Considérer les bourses comme une sorte de charité d’État est une faute politique majeure. Les bourses ne sont pas une aumône versée à une jeunesse affamée ; elles sont un investissement stratégique dans le capital humain, dont le taux de rentabilité peut dépasser celui des infrastructures physiques. Il a été calculé au Sénégal que la généralisation de la bourse à tous les étudiants aurait contribué à un gain de 0,03% de taux de croissance par an entre 1998 et 2019. Selon des données de l’Unesco, cette contribution pourrait atteindre 3% du PIB sur le long terme. Si l’alternance de l’an 2000 n’avait produit que la généralisation de la bourse comme résultat, son bilan aurait été à jamais louable.
Les populistes, qui sont généralement porteurs d’une pensée économique ultra-conservatrice, veulent que l’État soit géré comme une entreprise soucieuse de minimiser ses coûts. Pour eux, l’étudiant représente une dépense improductive. En réalité, l’étudiant représente plutôt notre PIB de demain.
Chaque franc versé aujourd’hui pour soutenir un étudiant en médecine, en ingénierie ou en sciences humaines est un placement à taux élevé. Une fois diplômé, ce cadre supérieur remboursera largement à l’État, via ses impôts et sa consommation, le montant de sa bourse. Certains analystes estiment qu’il remboursera l’équivalent de 5 à 10 fois sa bourse sur la durée de sa carrière.
Selon la Banque mondiale, en Afrique subsaharienne, chaque année d’études supérieures supplémentaire produit une augmentation moyenne de revenus de 10 à 15 %. Refuser cet investissement, c’est donc choisir de persévérer dans la pauvreté et sacrifier les générations futures.
Les populistes se gargarisent d’expressions comme « start-up nation », « souveraineté numérique » ou « indépendance énergétique ». Mais comment donner un contenu concret à ces slogans sans de forts investissements dans le capital humain et l’innovation ?
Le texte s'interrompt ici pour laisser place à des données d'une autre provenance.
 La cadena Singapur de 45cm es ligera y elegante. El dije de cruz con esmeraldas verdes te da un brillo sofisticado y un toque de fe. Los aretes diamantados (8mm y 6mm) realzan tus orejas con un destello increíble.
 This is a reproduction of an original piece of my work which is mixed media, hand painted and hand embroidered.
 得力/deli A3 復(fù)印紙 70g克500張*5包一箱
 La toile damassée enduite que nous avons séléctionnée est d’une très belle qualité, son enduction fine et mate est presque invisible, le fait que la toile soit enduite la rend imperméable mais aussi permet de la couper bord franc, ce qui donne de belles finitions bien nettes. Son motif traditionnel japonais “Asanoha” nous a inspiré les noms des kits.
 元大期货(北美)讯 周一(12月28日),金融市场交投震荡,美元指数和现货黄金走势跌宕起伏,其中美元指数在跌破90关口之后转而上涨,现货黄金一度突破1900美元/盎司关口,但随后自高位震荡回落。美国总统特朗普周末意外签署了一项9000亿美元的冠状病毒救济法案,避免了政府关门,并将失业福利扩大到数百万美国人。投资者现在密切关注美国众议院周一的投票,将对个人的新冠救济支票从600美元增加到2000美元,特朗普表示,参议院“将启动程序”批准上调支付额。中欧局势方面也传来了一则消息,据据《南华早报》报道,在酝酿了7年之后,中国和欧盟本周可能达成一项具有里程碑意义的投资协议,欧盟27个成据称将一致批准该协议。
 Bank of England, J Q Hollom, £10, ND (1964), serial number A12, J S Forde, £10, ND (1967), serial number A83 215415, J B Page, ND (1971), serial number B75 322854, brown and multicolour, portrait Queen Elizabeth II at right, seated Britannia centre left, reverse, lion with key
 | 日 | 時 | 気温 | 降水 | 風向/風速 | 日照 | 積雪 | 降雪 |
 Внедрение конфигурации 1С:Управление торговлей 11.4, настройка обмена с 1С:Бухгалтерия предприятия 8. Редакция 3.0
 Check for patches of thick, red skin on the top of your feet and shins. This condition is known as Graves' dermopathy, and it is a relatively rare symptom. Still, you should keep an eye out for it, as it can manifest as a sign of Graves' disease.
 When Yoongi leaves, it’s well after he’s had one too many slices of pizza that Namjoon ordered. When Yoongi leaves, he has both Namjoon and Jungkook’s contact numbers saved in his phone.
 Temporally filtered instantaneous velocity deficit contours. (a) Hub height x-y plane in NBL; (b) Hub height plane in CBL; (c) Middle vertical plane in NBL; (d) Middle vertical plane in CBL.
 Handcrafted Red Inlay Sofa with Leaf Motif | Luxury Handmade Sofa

C’est uniquement en sécurisant le parcours scolaire et universitaire de ses enfants qu’un pays peut espérer développer leur capacité à innover. En remettant en cause leurs acquis en matière de bourses et d’aides scolaires, on les condamne à l’exil ou à la médiocrité. Or, le coût de la « fuite des cerveaux » ou de parcours de formation chahutés est largement moins « soutenable » que celui des bourses étudiantes.
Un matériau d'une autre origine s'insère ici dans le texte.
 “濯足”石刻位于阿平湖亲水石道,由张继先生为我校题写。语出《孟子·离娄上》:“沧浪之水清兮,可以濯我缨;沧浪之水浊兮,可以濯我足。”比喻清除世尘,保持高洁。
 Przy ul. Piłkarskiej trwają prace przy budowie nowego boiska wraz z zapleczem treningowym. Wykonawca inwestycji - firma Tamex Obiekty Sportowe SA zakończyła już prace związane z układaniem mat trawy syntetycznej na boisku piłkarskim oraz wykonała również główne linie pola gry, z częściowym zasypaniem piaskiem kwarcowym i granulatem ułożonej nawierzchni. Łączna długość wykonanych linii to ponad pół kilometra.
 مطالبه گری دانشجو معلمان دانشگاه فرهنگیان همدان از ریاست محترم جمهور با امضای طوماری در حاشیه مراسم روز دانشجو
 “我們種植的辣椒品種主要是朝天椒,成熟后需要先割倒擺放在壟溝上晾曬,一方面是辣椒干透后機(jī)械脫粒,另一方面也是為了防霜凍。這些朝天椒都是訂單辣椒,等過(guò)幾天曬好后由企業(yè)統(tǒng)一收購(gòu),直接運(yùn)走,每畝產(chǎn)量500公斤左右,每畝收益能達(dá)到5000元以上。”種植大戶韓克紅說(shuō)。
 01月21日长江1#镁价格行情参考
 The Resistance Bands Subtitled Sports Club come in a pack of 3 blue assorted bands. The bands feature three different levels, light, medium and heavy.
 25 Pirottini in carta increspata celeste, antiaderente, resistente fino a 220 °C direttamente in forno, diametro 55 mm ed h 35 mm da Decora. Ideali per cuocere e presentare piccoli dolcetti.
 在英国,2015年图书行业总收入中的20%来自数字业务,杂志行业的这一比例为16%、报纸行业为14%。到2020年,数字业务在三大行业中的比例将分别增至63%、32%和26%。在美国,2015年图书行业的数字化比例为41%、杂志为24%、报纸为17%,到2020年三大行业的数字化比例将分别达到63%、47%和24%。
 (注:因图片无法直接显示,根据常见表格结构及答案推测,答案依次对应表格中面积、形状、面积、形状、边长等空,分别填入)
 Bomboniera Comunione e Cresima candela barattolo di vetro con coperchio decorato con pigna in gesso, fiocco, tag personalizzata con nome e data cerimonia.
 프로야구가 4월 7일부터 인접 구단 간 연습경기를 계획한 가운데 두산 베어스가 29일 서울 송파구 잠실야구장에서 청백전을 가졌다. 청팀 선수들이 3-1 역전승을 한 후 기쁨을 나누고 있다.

La philosophie de l’ajustement structurel nous a fait assez de mal au cours des 20 dernières années du 20ème siècle. Elle revient à la mode aujourd’hui sous le déguisement paradoxal d’un populisme qui se prétend pourtant « patriote », voire « révolutionnaire».
En wolof, la politique d’ajustement structurel est parfaitement résumée par l’expression « joxe loo attan » (donner ce que l’on peut). C’est la politique de la moindre ambition.
Pourtant, ce n’est pas John Meynard Keynes mais bien Wolof Njaay qui nous a appris l’effet multiplicateur avec le fameux « joxe yokku » (gagner en donnant). C’est semer une graine aujourd’hui pour récolter une forêt demain.
La bourse est un ascenseur social, le carburant de la méritocratie républicaine. Faire des sacrifices pour les payer, ce n’est pas de la générosité. C’est de la pure ambition de développement.